The goal: every PR that changes a prompt, model, or retrieval strategy automatically runs your eval suite and blocks merge if scores drop.

# GitHub Actions example
- name: Run eval suite
  run: |
    python -m pytest evals/ --eval-model=claude-sonnet-4-6
    braintrust run evals/scoring.py --fail-on-regression 0.05

evalcheck wraps pytest with LLM-specific assertions and posts a comment to the PR with a score diff.


Common Mistakes

MistakeFix
Eval set drawn from training dataKeep eval set strictly held-out
Judge model same as tested modelUse a stronger or different judge
Scores without confidence intervalsReport mean ± std; use ≥ 50 examples
Only measuring accuracyAdd latency, cost, safety, robustness
Running evals once at launchRun on every meaningful change

Key Facts

  • Comprehensive eval practices remain underdeveloped: only 27% of organisations review all AI-generated content before use, and fewer than 20% have mature AI governance frameworks (McKinsey State of AI 2025)
  • Golden set minimum: 50 examples; 200+ for statistical confidence; 1,000+ for fine-grained regression detection
  • promptfoo: 8K stars, YAML config, red-teaming support — best for prompt iteration
  • Braintrust: best for production CI/CD with datasets, scoring, and PR integration
  • inspect-ai: Anthropic's framework; best for safety and agent trajectory evals
  • RAGAS: four RAG metrics — faithfulness, answer relevancy, context precision, context recall
  • Agent eval metrics: task completion rate, step efficiency, tool accuracy, safety

Common Failure Cases

LLM judge scores correlate with length, not quality
Why: the judge was not calibrated against humans; it rewards verbose answers because verbosity superficially looks thorough.
Detect: Spearman correlation between answer length and judge score > 0.5; human raters disagree with judge rankings for short-but-correct answers.
Fix: add rubric criteria that explicitly penalise padding; run inter-annotator agreement between judge and 3 humans on a calibration set.

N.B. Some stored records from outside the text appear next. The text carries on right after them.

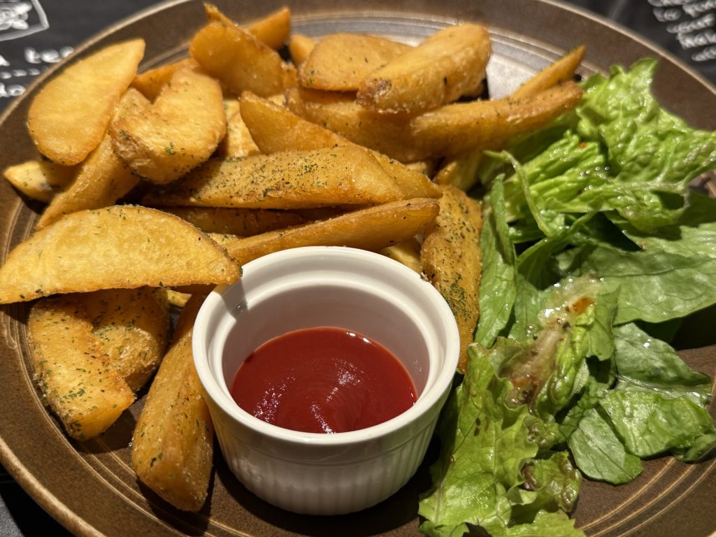 ホクホクお芋の味がしっかり感じられるウェジカットフライドポテト(600円税込)も良き。
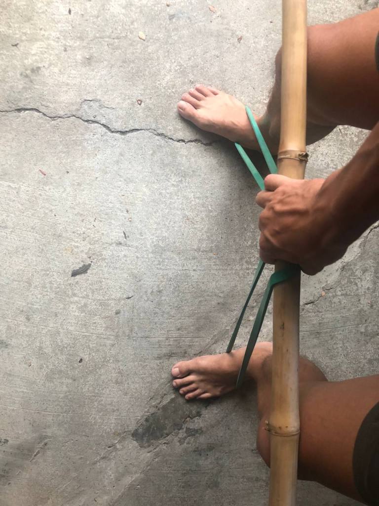 前幾天準備的竹棍現在派上用場。這竹棍被我切成奧槓的長度,周徑左右不太均勻,但還算好握。主要是沒有負重,都用阻力繩模擬重量。掛上阻力繩的動作和一般自由槓雖然接近,但在離心發力的感覺是完全不一樣的。初始負荷低,遠心到動作行程一半時阻力慢慢增加,到最後頂點則是阻力最高。這樣的阻力特性對於發力會有什麼影響?對於訓練會有什麼好處?我也沒有答案。但今天是練背和肩,我先掛一條輕的阻力繩,等身體熱了之後,再掛另外一條阻力稍大的。最後練到擴背的划船動作,就兩條一起上。
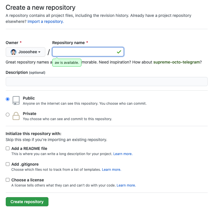 Public Repository로 해야 호스팅 이용이 가능하다.
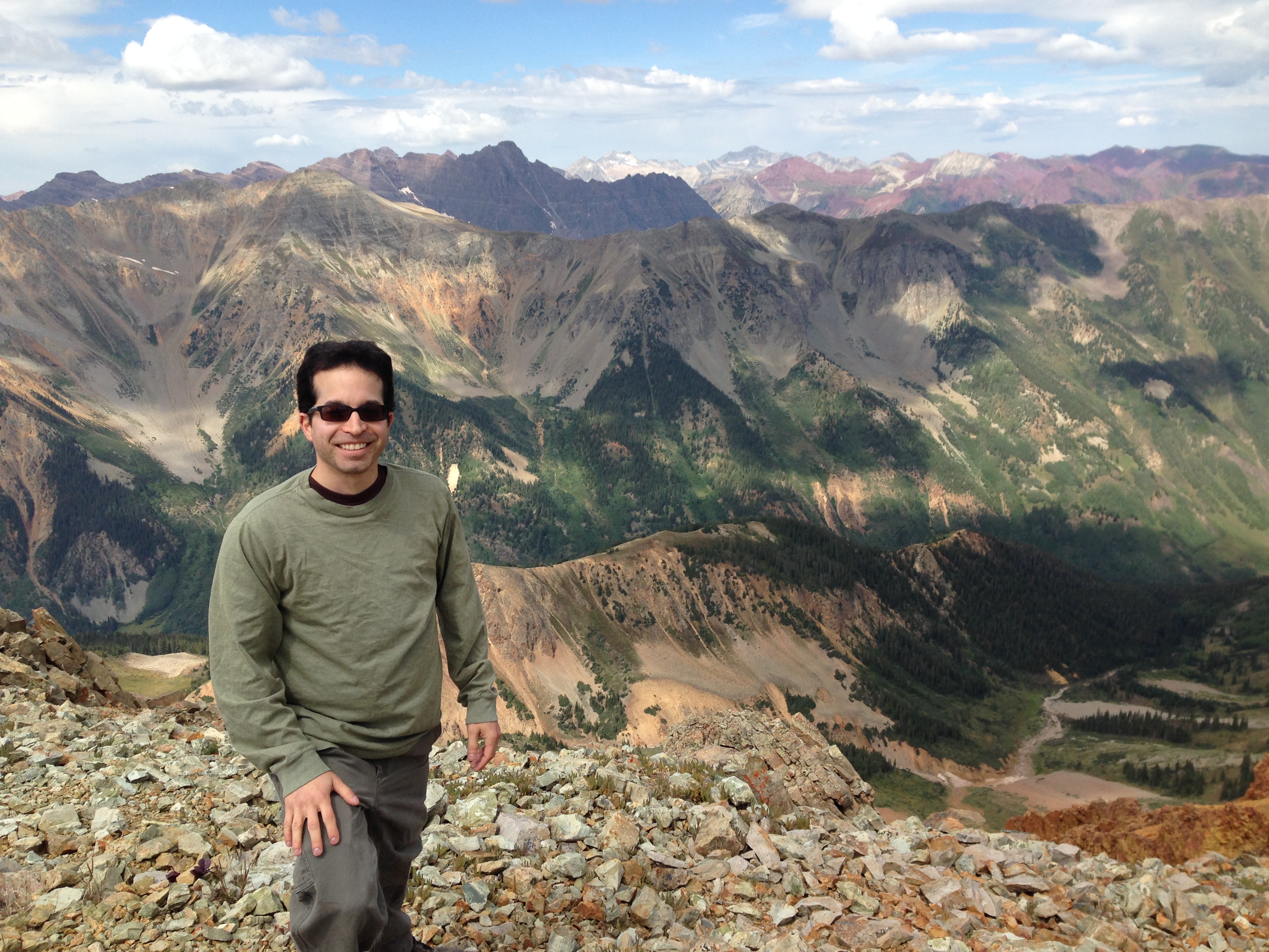 Since I grew up in Colorado, I have to add that Aspen is fine and I understand why it’s popular, but there are many beautiful mountain towns in the Colorado Rockies. Visitors and businesses should spread the love to other places too, like Glenwood Springs, Durango, Leadville, Estes Park, etc… In any case, when we had time off, it was fun to go hiking and biking in the area. For example, I took the following photo after hiking to the top of Electric Peak (elev. 13635 ft., 4155 m), and lower down I’ve included photos of Lost Man Lake (near the continental divide) and the iconic Maroon Bells.

Eval set contaminated by training data
Why: golden set was assembled from the same source documents used to build the system prompt or fine-tune; the model effectively memorised these inputs.
Detect: eval scores are suspiciously high (>0.95) but production user satisfaction is much lower; performance drops on novel phrasing.
Fix: keep the eval set strictly held-out; prefer production log samples as eval inputs, not synthetic queries derived from training data.

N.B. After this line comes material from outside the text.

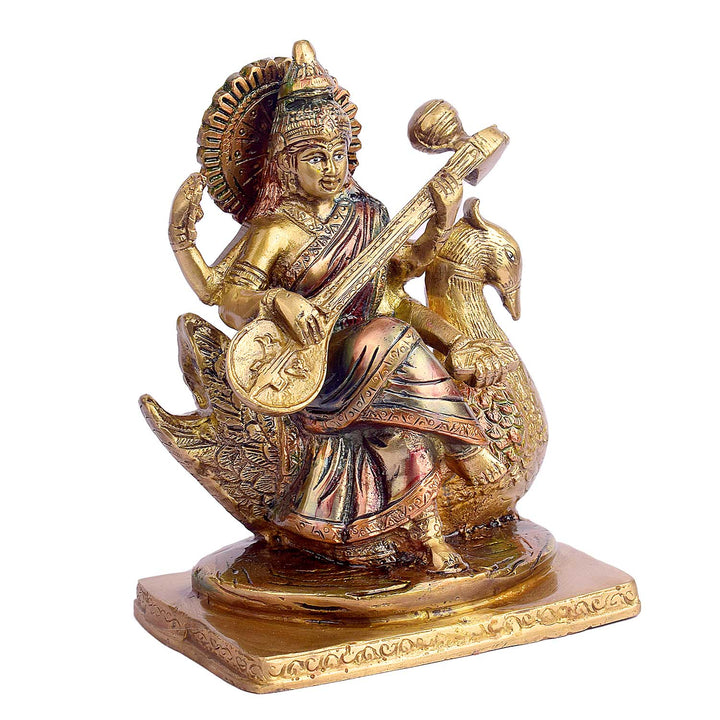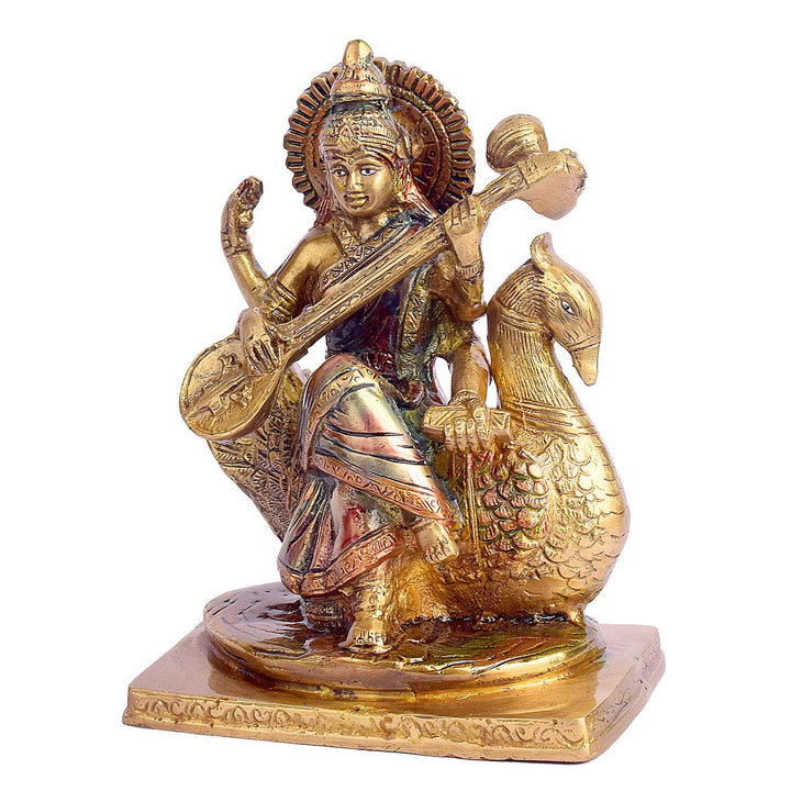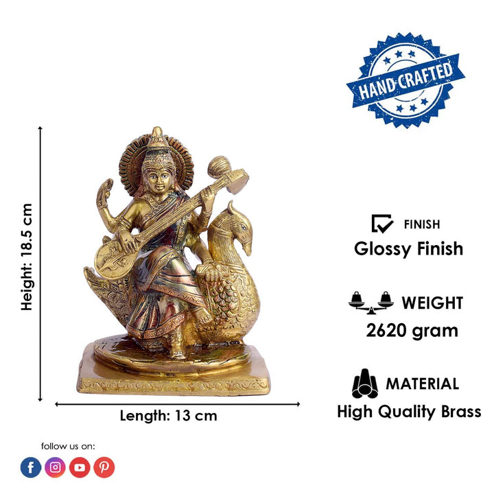 • Material: The Saraswati Mata Murti is made from High-Quality Brass Material

CI eval blocks deploys on noise, not regressions
Why: the regression threshold is too tight; natural LLM variance at temperature > 0 causes false failures on every other PR.
Detect: PRs fail evals when no prompt or code changed; re-running the same eval produces different pass/fail outcomes.
Fix: use temperature=0 for eval runs; set the regression threshold at 2–3x the observed variance on a fixed model.

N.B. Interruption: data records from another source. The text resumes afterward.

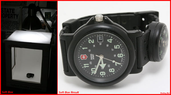 Есть много вариантов получить нужное Вам фото. Если у Вас проблемы с тенью, я советую дополнительно подсветить коробку с боков. Если Вы получаете виньетку, то переместите фотоаппарат дальше в коробку, или прикройте диафрагму. Также можно исправить все это при помощи Photoshop. Так как у меня не самые чистые линзы и камера то я стараюсь убрать пыль в Photoshop. Я также использую уровни для увеличения яркости.
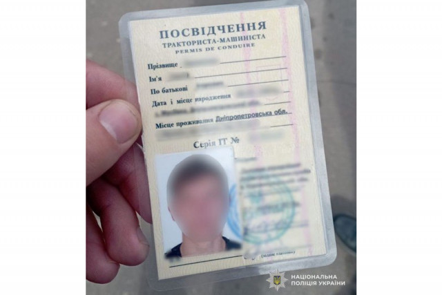 20 жовтня близько 12:50 патрульні зупинили водія трактора. під керуванням 28-річного чоловіка. Під час перевірки документів встановили, що водійське посвідчення 28-річного чоловіка має явні ознаки підробки.
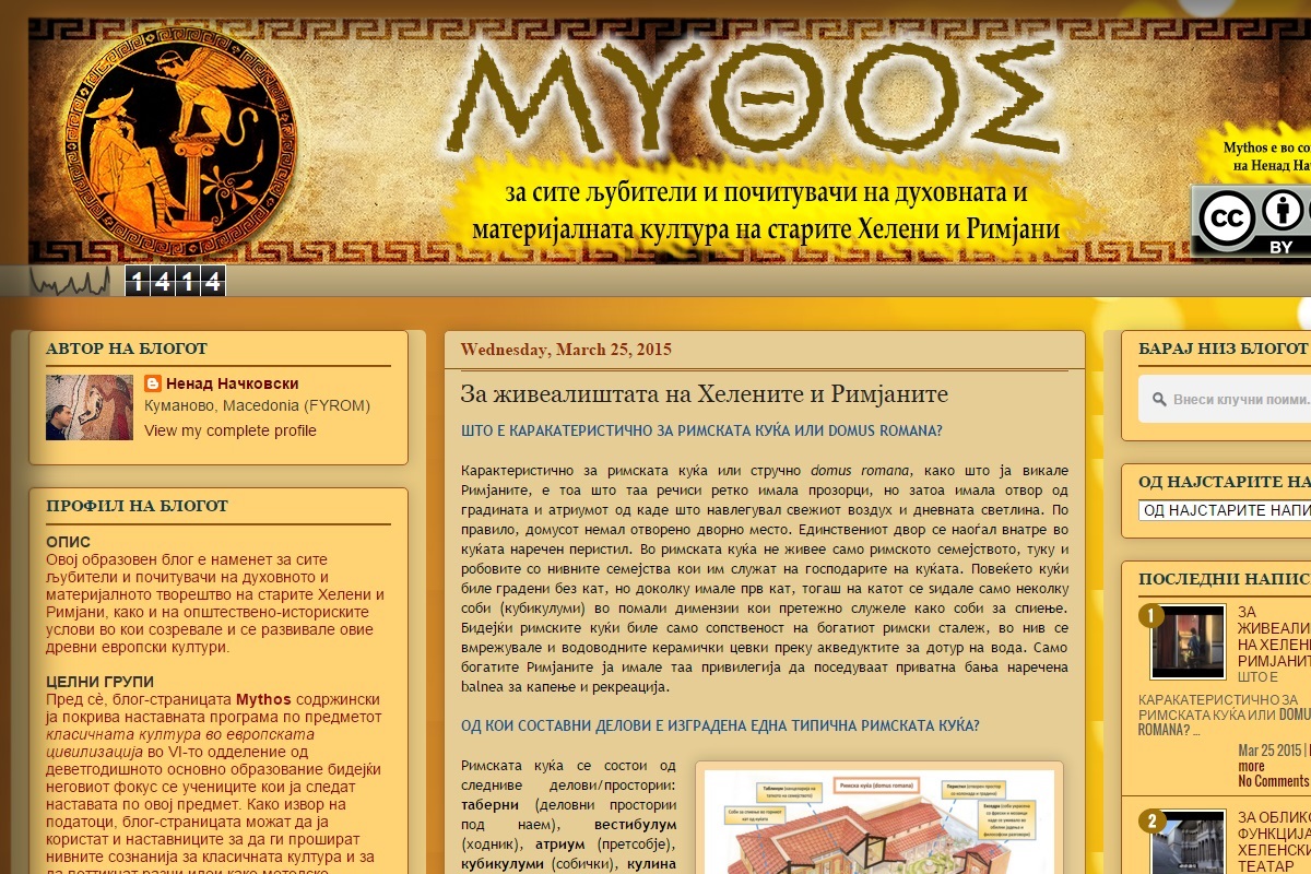 Образовниот ресурс Mythos е блог-платформа наменета за сите љубители и почитувачи на духовното и материјалното творештво на старите Хелени и Римјани, како и на општествено-историските услови во кои созревале и се развивале овие древни европски култури.
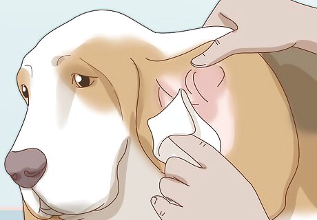 Keep skin and ear infections at bay. Since yeast and bacteria commonly grow in between a Basset Hound's skin folds, the breed is prone to skin and ear infections. After walks, inspect your dog's folds and ears for foreign bodies, such as mites, dirt, grease, or other buildup. In addition to daily spot checks, thoroughly clean these areas two or three times a week to avoid infection. Skin lesions or cankers are easy to find, but it can be tricky to spot the signs of ear infection. Notice if your dog shakes its head more than usual or seems like it's trying to remove something from its ear canal. You may also notice a musty or foul odor in your dog's ear. Check the inner ear for redness or a discharge, usually dark brown to black or yellowish-brown in color. Take your dog to the vet for a more accurate diagnosis and, if necessary, prescription medication if you spot a skin or ear infection.
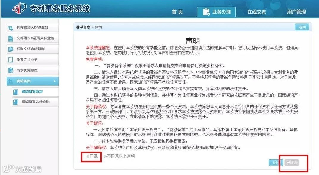 3.进入声明页面,选择“同意”,点击“已阅读”按钮,进入新增费减备案申请页面。
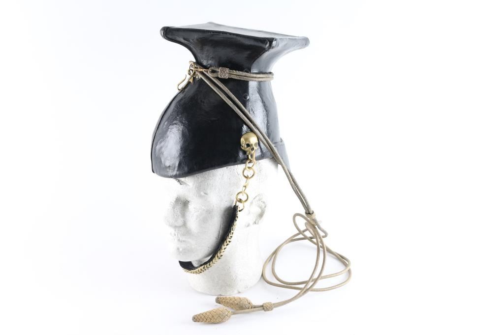 Very rare Lancers Foul Weather Lance Cap, four sided peak, light weight tarred black leather covered helmet having gilt metal skull side bosses holding leather backed linked gilt scaled brass chin chain, lined with black velvet, velvet appears to be a replacement. Leather covered dome fitting to represent the rosette on left side. Interior has the leather sweatband and intact red silk lining showing some age wear. Interior of crown marked in gold "Carter & Co. 56 Pall Mall, London, Established 1776". The 17th Lancers were the only regiment to have their own regimental bosses to the sides of the foul weather lance cap, all other regiments adopted the lion headed boss. Comes with correct gold toned double cord with two acorns, there is a 1 1/2" repair to one of the cords. Overall Very Good condition. From the Joe Musso Collection.

Agent eval measures final answer only, misses tool misuse
Why: the eval checks output correctness but ignores whether the agent called the right tools with correct arguments.
Detect: agent scores well on output quality but takes 3x more tool calls than necessary; intermediate step errors go undetected.
Fix: log and evaluate the full tool call trajectory; add step efficiency and tool accuracy as explicit eval metrics.

Golden set goes stale as the product evolves
Why: expected outputs were written for an older product version; the model is now penalised for producing better-than-expected answers.
Detect: manual review of eval failures shows the model's answer is actually correct; human raters prefer the model output over the expected output.
Fix: version the golden set alongside the product; schedule a quarterly review; treat "model is right, expected is wrong" as a golden set bug.

Connections

Open Questions

  • What is the minimum eval suite that blocks regressions without slowing CI below 5 minutes?
  • How do you handle golden set drift when your expected outputs change as the product evolves?
  • Is inspect-ai appropriate for production eval CI or is it designed primarily for research/safety settings?